Com cuidado o herói aproximou-se da porta do cômodo, apoiou seu rifle na parede para que o mesmo fosse escondido pela porta quando aberta, o vigilante sacou sua pistola e segurou a maçaneta com cuidado, respirou fundo e puxou a porta com violência, do outro lado uma moça jovem usando trajes menores deu um grito estridente, no segundo seguinte uma bala disparada pelo justiceiro atravessou o cérebro da moça fazendo-a cair sobre o colo de Jhonny e depois no chão.

O viciado estava usando cueca e se encontrava amarrado em uma cadeira, além de estar encharcado com o sangue da moça agora já sem vida, o vigilante adentrou a sala escura e puxou uma outra cadeira, sentou-se de costas para a porta e de frente para o drogado que ainda estava perplexo e levemente traumatizado, os dois se encararam por alguns segundos e um silêncio tomou a sala, seria constrangedor se não fosse assustador, então Jhonny voltou a realidade olhando freneticamente para todos os lados possíveis:

- Eu…eu… eu não fiz nada! Por favor eu não fiz nada, sério… me…me libera aí cara!

Nervoso Jhonny suava de forma descontrolada, o que consequentemente lavava o sangue de seu corpo.
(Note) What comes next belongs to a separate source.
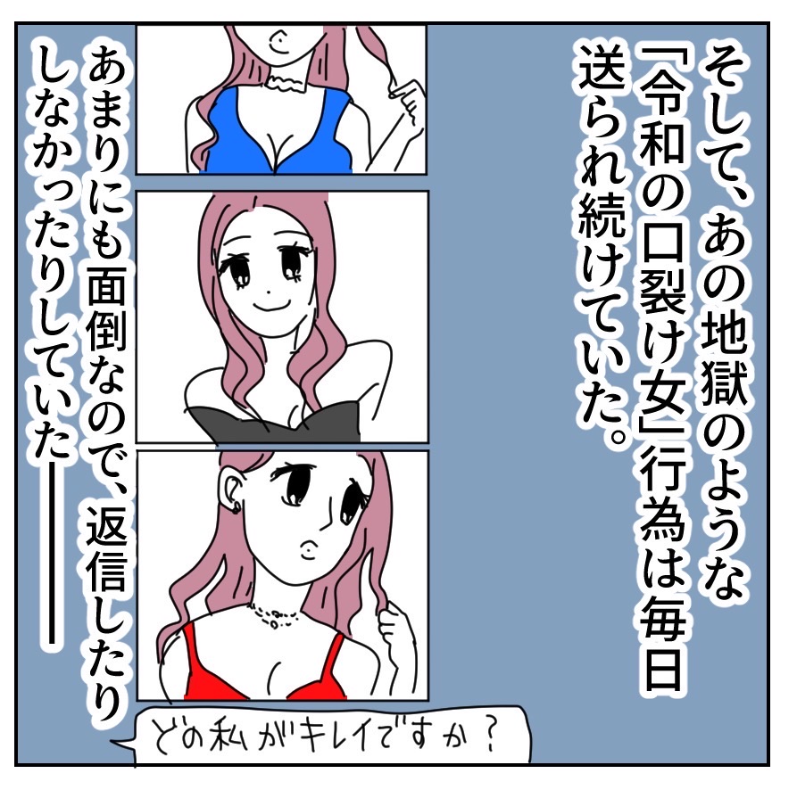「私…綺麗?」な女さん【8】 2023年04月12日 🔵1つ前の話はこちらから🔵↓↓↓ つづきは下に↓↓↓※この話は実話を元にしたフィクションです。🌈続きはこちらから🌈 🟣初めから読む場合はこちらから🟣こちらの登録もお願いします🙇♂️💝 「私綺麗?な女さん」カテゴリの最新記事 タグ :#イラストエッセイ#イラストレーター#コミックエッセイ#まかりな#キャバ嬢#令和の口裂け女#SNS#依存#漫画が読める#ギャグ漫画 < 前の記事次の記事 > コメント コメント一覧 (4) 1. んーーー🫢 2023年04月12日 19:30 注目されたい? 私を見て見て‼️って感じ❓ かまってちゃん❓ 0 makarina がしました 2. 😳 2023年04月12日 19:38 もうわざわざ送って来るんだから、拡散したろか😛 恥ずい人やね。 0 makarina がしました 3. そんなやつ 2023年04月12日 19:42 ほっときゃいいのに。 相手にするから 送られてくるんだろ。 ここにでてくる子は ほんま、優しいよな。 なのに、私もズルズルみてしまう。 アカンなぁ。 せやけど、人の振り見て我が振り直せで 勉強させてもろてます🎵 0 makarina がしました 4. basil 2023年04月12日 20:18 注意したらしたで、またそこだけ切り取られて悪者にされてしまいそう… リアクションしちゃうと増長するだけだから放置で! 0 makarina がしました コメントフォーム 名前 コメント 記事の評価 リセット リセット 顔 星 情報を記憶 コメントを投稿する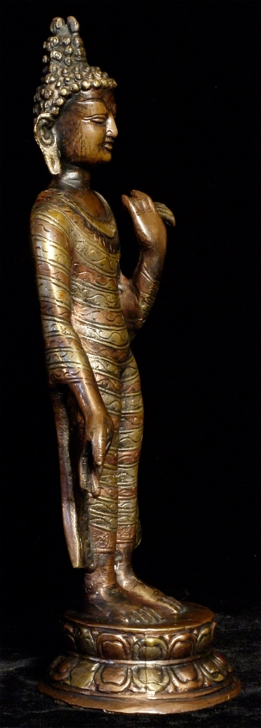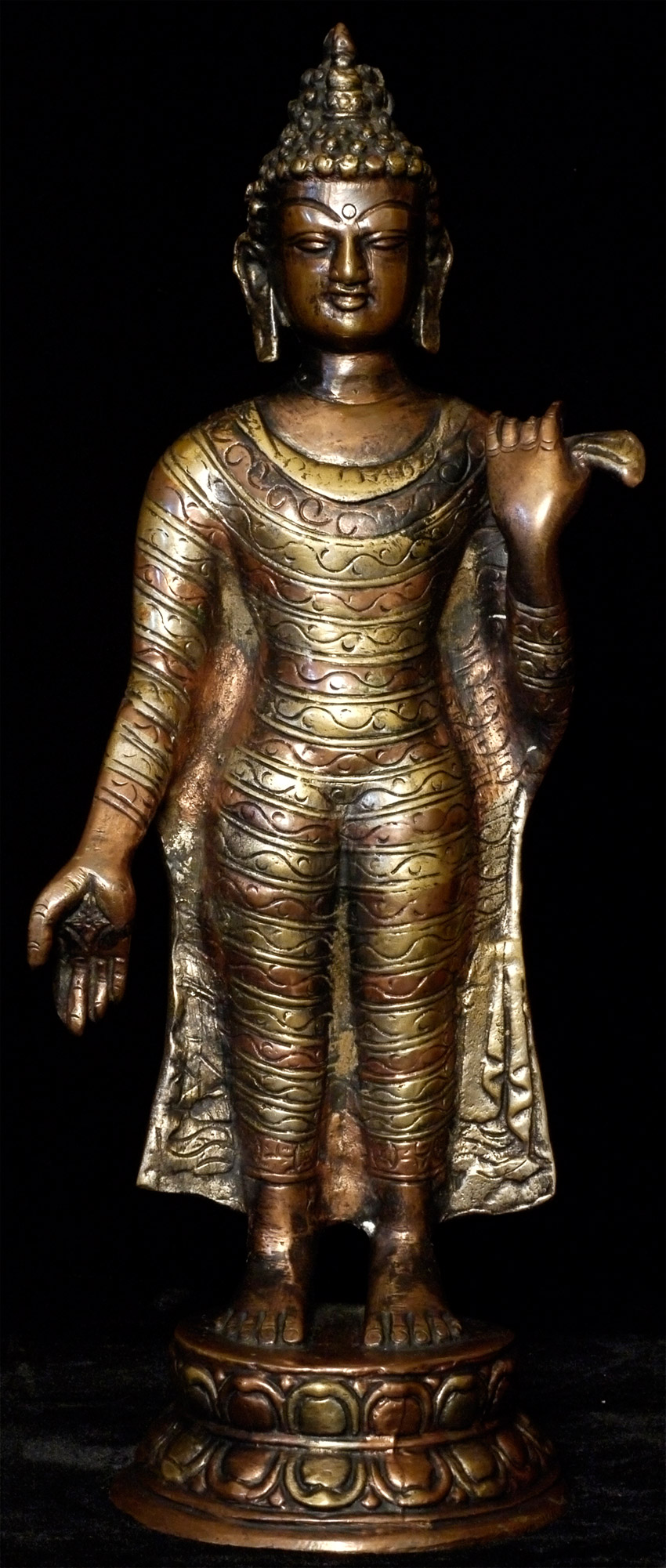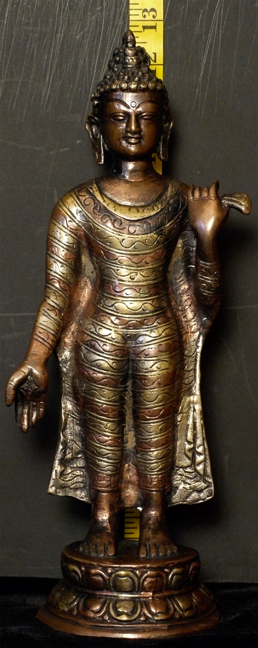 Decorative Vintage Nepalese Buddha-robes have an uncommon multi-metal surface treatment. Very good size at 12.4 inches tall.

O vigilante não disse nenhuma palavra e nem mesmo modificou sua respiração, colocou sua pistola no joelho do homem e disparou sem hesitar, o homem gritou desesperado.

-MEU DEUS! Cara, por favor para com isso, eu to limpo cara!

-Sobre a morte do General, o que você sabe sobre isso?

-Não fui eu que matei ele não! Me libera.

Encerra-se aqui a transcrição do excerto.